Дневник путешествия Ибрахим-бека
Шрифт:
— Сын мой, город весь таков, каким ты его сам видишь, — объяснил он. — А за городскими воротами есть цветущие зеленые сады, — вот это и есть прекрасные места для прогулок и развлечений. Весной, когда распускаются красные розы, окрестностям нашего города могут позавидовать сады Ирема [194] , они напоминают рай. А сейчас, право, нет ничего красивого, атаки войск бахмана и дея [195] опустошили своим холодным дыханием сады и цветники, даже мы промерзли до костей. Впрочем, на некоторых улицах и на чайном базаре есть кое-какие постройки, интересные для обозрения.
194
Ирем — сад мифического
195
«... атаки войск бахмана и дея ...» — иносказательно: наступление зимы. Бахман и дей — названия зимних месяцев иранского календаря.

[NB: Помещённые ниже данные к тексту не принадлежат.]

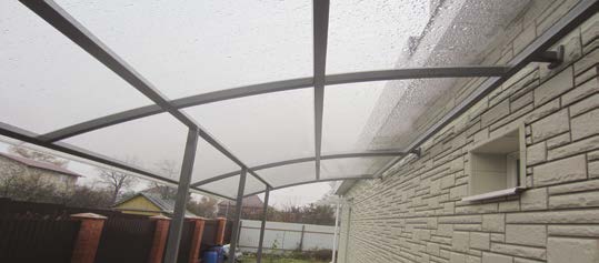 Кроме того у козырьков из сотового поликарбоната существует ещё одна проблема. Те самые соты, пустоты между слоями материала, легко забиваются пылью и грязью. И вычистить их достаточно сложная и трудоёмкая задача. До опрятности ли тут? Конечно, эти пустоты можно заделать, однако это обязательно скажется на итоговой стоимости конструкции.

— А как пройти на чайный базар?
— Сейчас выйдите отсюда и сверните направо, увидите источник. Вот и идите вверх по его течению. Он кончается в армянском квартале. Те места тоже не лишены привлекательности.
На этом я прервал нить разговора со стариком-чулочником, а Юсиф Аму тем временем расплатился с ним за чулки. Мы пошли по указанному направлению.
Перед нами открылась большая улица, затем показалось кладбище, мы миновали его, читая молитву, и вступили на другую улицу. Я услышал, что говорят здесь по-армянски, и понял, что мы находимся в армянском квартале.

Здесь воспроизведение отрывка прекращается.